• _Provided information_:
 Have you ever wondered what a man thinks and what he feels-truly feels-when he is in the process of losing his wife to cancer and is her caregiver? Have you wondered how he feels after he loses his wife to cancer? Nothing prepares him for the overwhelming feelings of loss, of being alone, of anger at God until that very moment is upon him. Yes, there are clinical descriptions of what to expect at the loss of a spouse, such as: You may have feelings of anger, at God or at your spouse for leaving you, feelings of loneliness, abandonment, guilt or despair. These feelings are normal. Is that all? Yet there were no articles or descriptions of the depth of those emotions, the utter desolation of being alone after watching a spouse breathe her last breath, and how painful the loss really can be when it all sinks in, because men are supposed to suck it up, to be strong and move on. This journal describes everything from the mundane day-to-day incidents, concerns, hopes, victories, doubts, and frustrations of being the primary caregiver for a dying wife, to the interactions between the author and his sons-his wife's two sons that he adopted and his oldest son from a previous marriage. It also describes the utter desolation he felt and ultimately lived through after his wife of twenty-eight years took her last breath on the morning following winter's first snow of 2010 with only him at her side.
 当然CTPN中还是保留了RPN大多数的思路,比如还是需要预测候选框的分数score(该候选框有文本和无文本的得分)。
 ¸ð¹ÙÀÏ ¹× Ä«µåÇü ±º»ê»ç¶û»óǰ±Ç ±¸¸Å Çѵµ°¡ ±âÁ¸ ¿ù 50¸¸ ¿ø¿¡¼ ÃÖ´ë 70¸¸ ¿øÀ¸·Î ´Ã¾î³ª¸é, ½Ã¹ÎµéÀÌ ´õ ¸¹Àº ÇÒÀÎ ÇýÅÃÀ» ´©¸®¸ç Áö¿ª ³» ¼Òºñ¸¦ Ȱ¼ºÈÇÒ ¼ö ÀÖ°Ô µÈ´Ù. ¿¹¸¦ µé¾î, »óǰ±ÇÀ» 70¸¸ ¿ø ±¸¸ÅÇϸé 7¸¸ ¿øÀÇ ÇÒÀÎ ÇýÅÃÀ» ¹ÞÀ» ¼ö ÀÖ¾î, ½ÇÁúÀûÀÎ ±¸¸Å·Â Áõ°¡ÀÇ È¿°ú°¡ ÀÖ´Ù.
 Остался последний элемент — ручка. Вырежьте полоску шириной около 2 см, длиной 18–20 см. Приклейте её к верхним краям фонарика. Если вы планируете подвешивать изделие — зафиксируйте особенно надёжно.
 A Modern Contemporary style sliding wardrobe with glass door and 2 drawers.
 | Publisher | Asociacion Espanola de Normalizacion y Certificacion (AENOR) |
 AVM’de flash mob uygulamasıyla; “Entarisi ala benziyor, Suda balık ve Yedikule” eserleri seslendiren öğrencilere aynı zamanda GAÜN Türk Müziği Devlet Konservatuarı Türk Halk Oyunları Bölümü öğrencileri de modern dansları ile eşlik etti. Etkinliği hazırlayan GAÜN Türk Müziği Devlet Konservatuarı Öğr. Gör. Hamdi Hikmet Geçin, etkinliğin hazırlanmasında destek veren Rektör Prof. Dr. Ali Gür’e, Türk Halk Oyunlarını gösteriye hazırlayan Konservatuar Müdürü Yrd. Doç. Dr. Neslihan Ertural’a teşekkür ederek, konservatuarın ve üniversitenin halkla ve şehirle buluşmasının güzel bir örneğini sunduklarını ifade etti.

• _Assignment_:
Every line of the listing should be reproduced exactly.

• _Completed task_:
 Have you ever wondered what a man thinks and what he feels-truly feels-when he is in the process of losing his wife to cancer and is her caregiver? Have you wondered how he feels after he loses his wife to cancer? Nothing prepares him for the overwhelming feelings of loss, of being alone, of anger at God until that very moment is upon him. Yes, there are clinical descriptions of what to expect at the loss of a spouse, such as: You may have feelings of anger, at God or at your spouse for leaving you, feelings of loneliness, abandonment, guilt or despair. These feelings are normal. Is that all? Yet there were no articles or descriptions of the depth of those emotions, the utter desolation of being alone after watching a spouse breathe her last breath, and how painful the loss really can be when it all sinks in, because men are supposed to suck it up, to be strong and move on. This journal describes everything from the mundane day-to-day incidents, concerns, hopes, victories, doubts, and frustrations of being the primary caregiver for a dying wife, to the interactions between the author and his sons-his wife's two sons that he adopted and his oldest son from a previous marriage. It also describes the utter desolation he felt and ultimately lived through after his wife of twenty-eight years took her last breath on the morning following winter's first snow of 2010 with only him at her side.
 当然CTPN中还是保留了RPN大多数的思路,比如还是需要预测候选框的分数score(该候选框有文本和无文本的得分)。
 ¸ð¹ÙÀÏ ¹× Ä«µåÇü ±º»ê»ç¶û»óǰ±Ç ±¸¸Å Çѵµ°¡ ±âÁ¸ ¿ù 50¸¸ ¿ø¿¡¼ ÃÖ´ë 70¸¸ ¿øÀ¸·Î ´Ã¾î³ª¸é, ½Ã¹ÎµéÀÌ ´õ ¸¹Àº ÇÒÀÎ ÇýÅÃÀ» ´©¸®¸ç Áö¿ª ³» ¼Òºñ¸¦ Ȱ¼ºÈÇÒ ¼ö ÀÖ°Ô µÈ´Ù. ¿¹¸¦ µé¾î, »óǰ±ÇÀ» 70¸¸ ¿ø ±¸¸ÅÇϸé 7¸¸ ¿øÀÇ ÇÒÀÎ ÇýÅÃÀ» ¹ÞÀ» ¼ö ÀÖ¾î, ½ÇÁúÀûÀÎ ±¸¸Å·Â Áõ°¡ÀÇ È¿°ú°¡ ÀÖ´Ù.
 Остался последний элемент — ручка. Вырежьте полоску шириной около 2 см, длиной 18–20 см. Приклейте её к верхним краям фонарика. Если вы планируете подвешивать изделие — зафиксируйте особенно надёжно.
 A Modern Contemporary style sliding wardrobe with glass door and 2 drawers.
 | Publisher | Asociacion Espanola de Normalizacion y Certificacion (AENOR) |
 AVM’de flash mob uygulamasıyla; “Entarisi ala benziyor, Suda balık ve Yedikule” eserleri seslendiren öğrencilere aynı zamanda GAÜN Türk Müziği Devlet Konservatuarı Türk Halk Oyunları Bölümü öğrencileri de modern dansları ile eşlik etti. Etkinliği hazırlayan GAÜN Türk Müziği Devlet Konservatuarı Öğr. Gör. Hamdi Hikmet Geçin, etkinliğin hazırlanmasında destek veren Rektör Prof. Dr. Ali Gür’e, Türk Halk Oyunlarını gösteriye hazırlayan Konservatuar Müdürü Yrd. Doç. Dr. Neslihan Ertural’a teşekkür ederek, konservatuarın ve üniversitenin halkla ve şehirle buluşmasının güzel bir örneğini sunduklarını ifade etti.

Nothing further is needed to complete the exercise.